Every New Years day a local television station (CW11) broadcasts an all day marathon of the 1950’s series the Honeymooners. It’s still funny, and there’s a lot to be learned about American culture of that period because the show was a lot edger in its day than other programs about family life. This is a finance site, so I will keep my discussion to financial issues. After watching a few episodes, it becomes evident that Ralph Kramden (played by Jackie Gleason) and Ed Norton (played by Art Carney) lead very different consumer lives.
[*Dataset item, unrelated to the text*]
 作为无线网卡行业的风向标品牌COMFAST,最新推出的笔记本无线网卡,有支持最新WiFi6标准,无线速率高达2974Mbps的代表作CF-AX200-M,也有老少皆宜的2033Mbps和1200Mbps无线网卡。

Ed’s apartment is furnished well, with window treatments, furniture and the modern devices of the era (TV, phone). In contrast, Ralph’s apartment is quite spartan. Ralph often chastizes his wife about overspending and all the extras his wife gets, but that of course is really just a joke. One could conclude that Norton is more prosperous than Ed.
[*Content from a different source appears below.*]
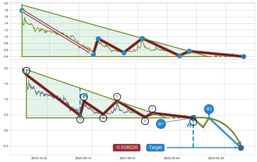 ➣ 【未确认突破,预测即将形成突破】下降三角形整理起点:2019-06-06, 预测突破点:2022-08-12,形态共755交易日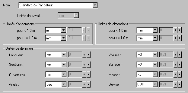 La boîte de dialogue Préférences de l'affaire vous permet de spécifier les unités de différents paramètres.

In one of the episodes, it is revealed where each of them stand in terms of their finances. Surprise, it was revealed that they both earn the same salary. What accounts for their differing lifestyles? That is also partially covered. Apparently Ed can afford his lifestyle because he has borrowed heavily to pay for it all. It isn’t made as clear in any of the episodes how Ralph “affords” his lifestyle, but his wife often complains about the previous schemes where he loses money. So, his money is likely frittered away on get rich schemes that of course never payoff (it they did it wouldn’t be funny).
Norton is one payment away from bankruptcy, while Ralph is one scheme away from riches (which very likely will never occur). Both have very little savings.
Here’s the lessons to be learned:
- Moderation in your finances is preferable.
- Have reasonable expectations about returns on your investments.
- Spend money now to live your life.